Anatomy of hell

When Japanese writer-director Nagisa Oshima’ s In The Realm of the Senses opened in 1976, the unrated, explicit drama played at the now defunct Mann Theaters in the Esplanade. Even though the film played in the last of three theaters, I always wondered what would have happened if some unsuspecting parent got confused. Imagine trying to explain why a subservient Japanese woman would fellate an older man, cut off his manhood, and then carry it around as she wandered the countryside.

While I wasn’t shocked by what I saw, I wondered what it would take to shock me. I wasn’t shocked when Divine ate poodle poop in John Waters’ Pink Flamingos, and I wasn’t offended by director Pier Paolo Pasolini’s vulgar examination of fascism Salo: 120 Days of Sodom, a virtual smorgasbord of decadent behavior.

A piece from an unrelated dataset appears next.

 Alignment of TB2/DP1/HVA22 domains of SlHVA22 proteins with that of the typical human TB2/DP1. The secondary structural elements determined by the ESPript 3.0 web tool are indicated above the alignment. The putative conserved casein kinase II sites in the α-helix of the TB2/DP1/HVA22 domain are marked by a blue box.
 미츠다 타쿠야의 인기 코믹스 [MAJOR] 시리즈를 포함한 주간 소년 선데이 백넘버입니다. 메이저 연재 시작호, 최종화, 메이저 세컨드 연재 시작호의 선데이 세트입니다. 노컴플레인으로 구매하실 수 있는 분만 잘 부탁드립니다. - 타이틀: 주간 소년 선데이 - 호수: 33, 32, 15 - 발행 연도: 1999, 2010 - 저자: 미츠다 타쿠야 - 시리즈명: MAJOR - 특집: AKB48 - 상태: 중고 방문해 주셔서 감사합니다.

I’m not a prude, and I absolutely refuse to condemn anything, but writer-director Catherine Breillat’s Anatomy of Hell almost sent me into therapy. The controversial French director of Romance and Fat Girl likes to push the envelope, but all she achieves with Anatomy of Hell are painful paper cuts. Based on her own novel Pornocratie, Breillat continues her crusade that women and men exist only to use and abuse each other.

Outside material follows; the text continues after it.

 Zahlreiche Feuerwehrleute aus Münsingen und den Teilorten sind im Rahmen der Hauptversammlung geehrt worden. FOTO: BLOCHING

To prove her argument, she develops an extremely unpleasant set of circumstances guaranteed to make even the most brave viewer question their moral compass. A rather bland Amira Casar stars as a mysterious woman, who after trying to commit suicide in the bathroom of a gay disco (she’s lost in a sea of men she can’t have, get it?), agrees to pay a handsome stranger to watch her where she’s unwatchable. No, it’s not a Zen riddle, but an excuse for the filmmaker to exploit and humiliate her actors all in the name of art.

As the woman lays naked on a bed and spouts pretentious French dialogue, the man gazes at her, wondering what she expects him to take away from the experience. Screw that, it’s what he brings to the party that will make your stomach turn. Garden rakes, rocks, lipstick, feminine hygiene products, and one of the nastiest expressions of lovemaking that left me bewildered and gasping for air. All I kept thinking was thank goodness I was alone and not stuck inside a film festival theater where I would have to share my uneasiness.

I’m all for movies that challenge an audience, but when you throw crap at the screen, don’t tell me it doesn’t stink. Don’t go looking for Anatomy of Hell at a local theater. You can only experience it on DVD. (Unrated/Tartan Video)

The Woman Inside

AANATOMY OF HELL

Amira Casar, Rocco Sifferdi. Directed by Catherine Breillat. Unrated. 80 Minutes.